Each "block" of bitcoins contains information about who sends and receives a given unit of bitcoin (a transaction), as well as the signature that approves each transaction. Originally, there was no limit to the size of these blocks. But this meant that malicious people could make up fake "block" data that was very long as a form of DoS (Denial of Service attack). Their fake blocks would be detected, but doing so would take a very long time, slowing down the whole system.[5]

The solution implemented was to put a limit on block size. That limit was 1 MB. This way, attacks using huge blocks would be instantly detected and rejected, without significantly slowing the network.

The problem(s)

Unfortunately, as Bitcoin has become more popular, that limit is slowing down transactions. A block is added to the chain every ten minutes. With a limit on its size, only so many transactions can be added, as many as fit in a block. Globally, bitcoin cannot currently support transactions with anything like the speed of other currencies or credit cards. It sometimes takes hours to confirm a transaction.

Some sites work around this problem, by conducting "off-chain payments", conducting transactions without waiting for confirmation by the blockchain.[6] However, many people[who?] do not trust this solution, which obviously[how?] is open to exploitation.

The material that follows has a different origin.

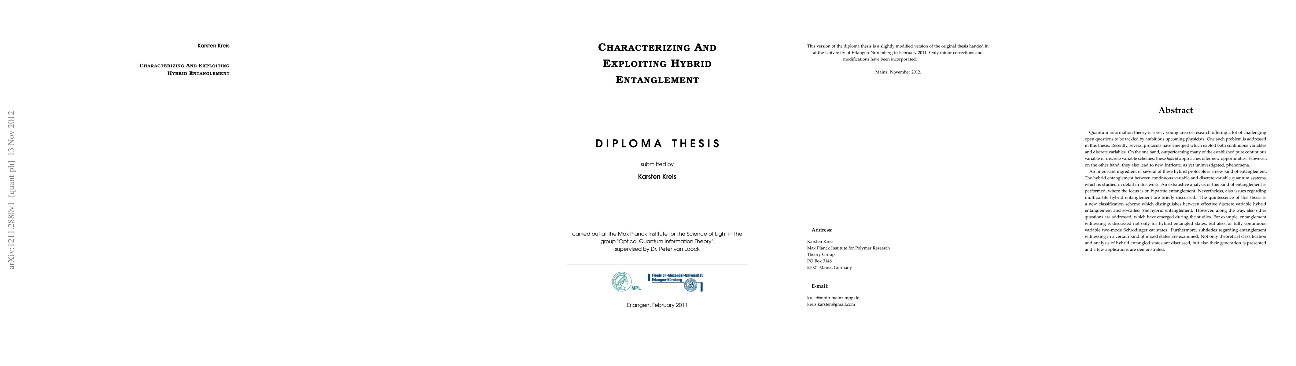 Quantum information theory is a very young area of research offering a lot of challenging open questions to be tackled by ambitious upcoming physicists. One such problem is addressed in this thesis. Recently, several protocols have emerged which exploit both continuous variables and discrete variables. On the one hand, outperforming many of the established pure continuous variable or discrete variable schemes, these hybrid approaches offer new opportunities. However, on the other hand, they also lead to new, intricate, as yet uninvestigated, phenomena. An important ingredient of several of these hybrid protocols is a new kind of entanglement: The hybrid entanglement between continuous variable and discrete variable quantum systems, which is studied in detail in this work. An exhaustive analysis of this kind of entanglement is performed, where the focus is on bipartite entanglement. Nevertheless, also issues regarding multipartite hybrid entanglement are briefly discussed. The quintessence of this thesis is a new classification scheme which distinguishes between effective discrete variable hybrid entanglement and so-called true hybrid entanglement. However, along the way, also other questions are addressed, which have emerged during the studies. For example, entanglement witnessing is discussed not only for hybrid entangled states, but also for fully continuous variable two-mode Schroedinger cat states. Furthermore, subtleties regarding entanglement witnessing in a certain kind of mixed states are examined. Not only theoretical classification and analysis of hybrid entangled states are discussed, but also their generation is presented and a few applications are demonstrated.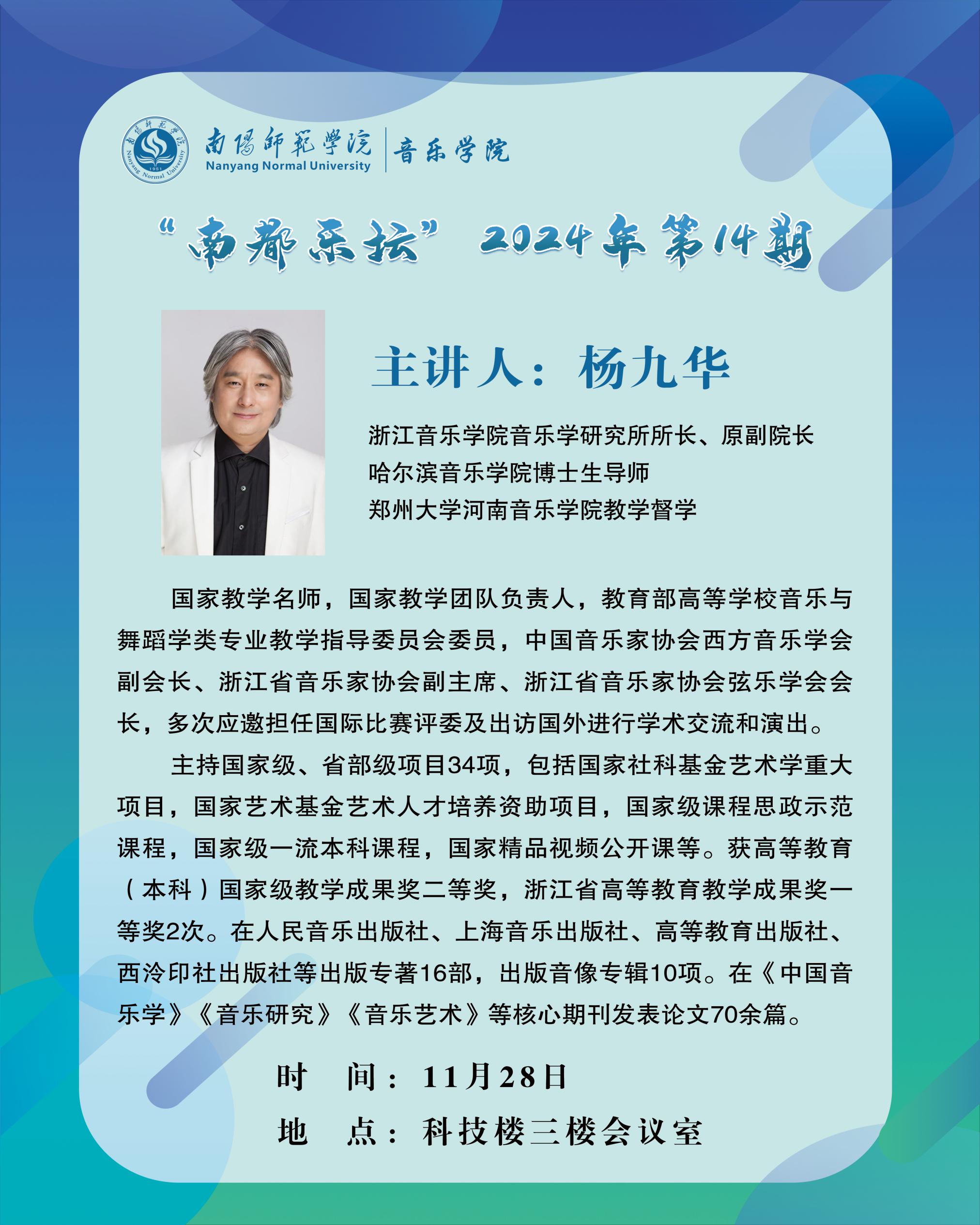 报告人简介:杨九华,白族,浙江音乐学院音乐学研究所所长、原副院长,哈尔滨音乐学院博士生导师,郑州大学河南音乐学院教学督学。国家教学名师,国家教学团队负责人,教育部高等学校音乐与舞蹈学类专业教学指导委员会委员,中国音乐家协会西方音乐学会副会长、浙江省音乐家协会副主席、浙江省音乐家协会弦乐学会会长,主持国家级、省部级项目34项,获高等教育(本科)国家级教学成果奖二等奖,浙江省高等教育教学成果奖一等奖2次。出版专著16部,出版音像专辑10项,发表核心期刊发表论文70余篇。

Others have proposed changes to Bitcoin that would reform the way it's done, but that would not be backward-compatible.[6] For example, FlexTrans (Flexible Transactions) would make transactions smaller by changing how they are described to a "tag" system, allowing more in blocks of the current size. But it is not compatible with systems that do not upgrade.[7]

Likewise, there are a number of other, unrelated problems that have arisen with the bitcoin protocol.

The most important is "transaction malleability".[8] While a transaction is signed, the signature doesn't include all transaction data, and at one time checking that the signature was correct was not even required. This means that several different ways of losing or stealing bitcoins are possible. While a number of different fixes have made this unlikely to happen, the flaw still exists.[9]

Segregated Witnesses as a solution

SegWit proposes significant backward compatibility. It hides its increased block size by changing the definition of a block to be measured as one million "units" instead of bytes. The "witness" signature data would be separated from the "Merkle tree" record of who is sending or receiving the bitcoin. The "witness" data is moved to the end, and each byte of it would only count as one quarter of a "unit". The overall effect would be changing the average block size to about 1.8 MB instead of 1. This means the existing bitcoin protocol doesn't change, allowing it to work without as much upgrading of software.[10]

It also addresses signature malleability, by moving signatures out of the transaction data, making impossible to change it.[11] The transaction ID is no longer malleable. This makes bitcoin safer to use with Lightning Network, a way to speed up small payments by bundling them and only writing to the blockchain at the beginning and end of their execution, which would be (slightly) risky while the malleability problem still exists.[12]

Activation

Segregated Witness (BIP141) should not be confused with SegWit2x (SegWit2Mb). In SegWit2Mb it is agreed to first activate Segregated Witness and then a 2 MB hard fork within six months as of May 23, 2017. The proposal SegWit2x and the other proposal UASF BIP148 are both intended to activate Segregated Witness (BIP141).[13][14] Segregated Witness is estimated to be activated on August 22 2017.[15]